Medizin

Den Herner Kinderärzten fehlt schon bald der Nachwuchs

Bei einer SPD-Veranstaltung sprachen der Herner Kinderarzt Dr. Wolfgang Schrader, SPD-Ratsherr Kai Gera und Dr. Holger Wißuwa.

Bei einer SPD-Veranstaltung sprachen der Herner Kinderarzt Dr. Wolfgang Schrader, SPD-Ratsherr Kai Gera und Dr. Holger Wißuwa.

Foto: Barbara Zabka

Herne.   Ein Versorgungsengpass ist abzusehen: Vier der zehn Herner Kinderärzte gehen demnächst in Rente.

Schon in wenigen Jahren werde Herne zu wenig Kinderärzte haben: Das war das Fazit eines Infoabends der SPD-Altenhöfen mit dem SPD-Landtagsabgeordneten Alexander Vogt in der Begegnungsstätte an der Flottmannstraße. Während Kinder- und Jugendarzt Dr. Wolfgang Schrader ein dramatisches Bild zeichnete, konnte Dr. Holger Wißuwa von der Herner Feuerwehr die etwa 30 Gäste beim Thema Notfallmedizin beruhigen, hier seien keine Engpässe zu erwarten.
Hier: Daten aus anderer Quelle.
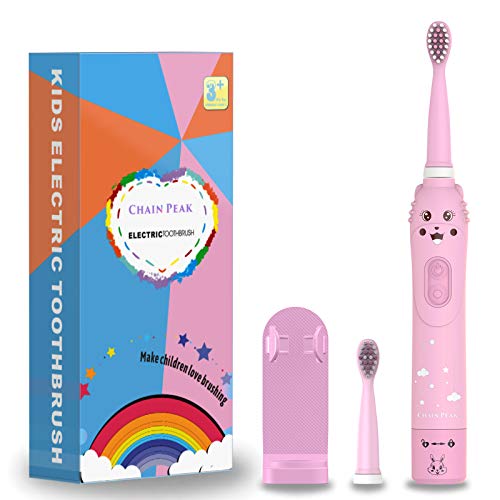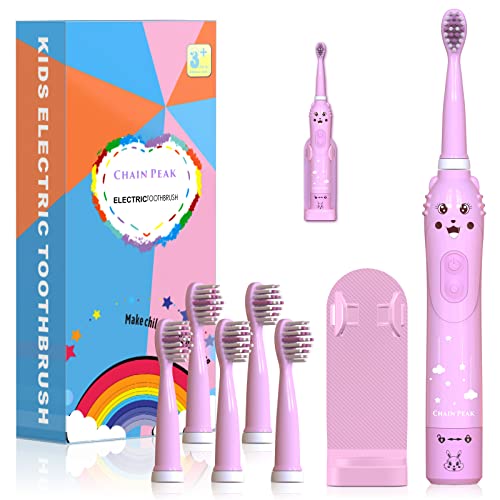 Sonic Elektrisk tandborste för barn, uppladdningsbar smart tandborste för barn, Sonic tandborste för pojkar Flickor i åldern 3-12 med 30-tals påminnelse, 2 minuter timer, 6 lägen, 4 borsthuvuden, väggmonterad hållare (8650 Rosa + 6 huvuden + hållare)

„In Herne gibt es nur zehn Kinderarztsitze“, eröffnete Wolfgang Schrader die Diskussion. „In den vergangenen 30 Jahren hat sich diese Anzahl nicht verändert – obwohl wir Kinderärzte jährlich einen Patientenzuwachs von etwa zehn Prozent haben“, so Schrader weiter. Dieser Zuwachs komme durch höhere Geburtenraten und auch zugezogene Flüchtlingskinder zustande. Die Frage lautete: „Haben wir denn genug Kinderärzte in Herne?“ Schraders Antwort: „Zur Zeit stemmen wir den Andrang noch irgendwie, aber in spätestens fünf Jahren gehen neben mir noch drei weitere Kollegen in Rente, Ersatz für diese Stellen ist aber nicht abzusehen.“

Zu wenige Studienplätze und hoher Numerus Clausus

Den Grund des Problems sehen Schrader und Wißuwa in zu wenigen Studienplätzen und dem hohen Numerus Clausus in der Medizin. Selbst wenn die Politik kurzfristig weitere Studienplätze einrichte oder den Zugang erleichtere: Wer jetzt mit dem Studium beginne, sei erst in elf Jahren fertig, das helfe Herne also nicht bei einem Engpass in fünf Jahren, rechnete Schrader vor.

Wie sieht es im Notfall aus? Wißuwa: „Kinder notärztlich versorgen zu müssen, ist zum Glück ein seltenes Ereignis.“ Von den 15 000 Rettungseinsätzen in Herne pro Jahr beträfen nur etwa 350 Einsätze Kinder. Beim Rettungsdienst werde nicht nach dem Alter der Patienten unterschieden, der Notarzt versorge alle Altersklassen auf dem Weg zum Krankenhaus. „Ab Januar 2019 soll es in Herne ein weiteres Rettungssystem rund um die Uhr geben.“ Alexander Vogt will sich um die Problematik kümmern und in Düsseldorf thematisieren.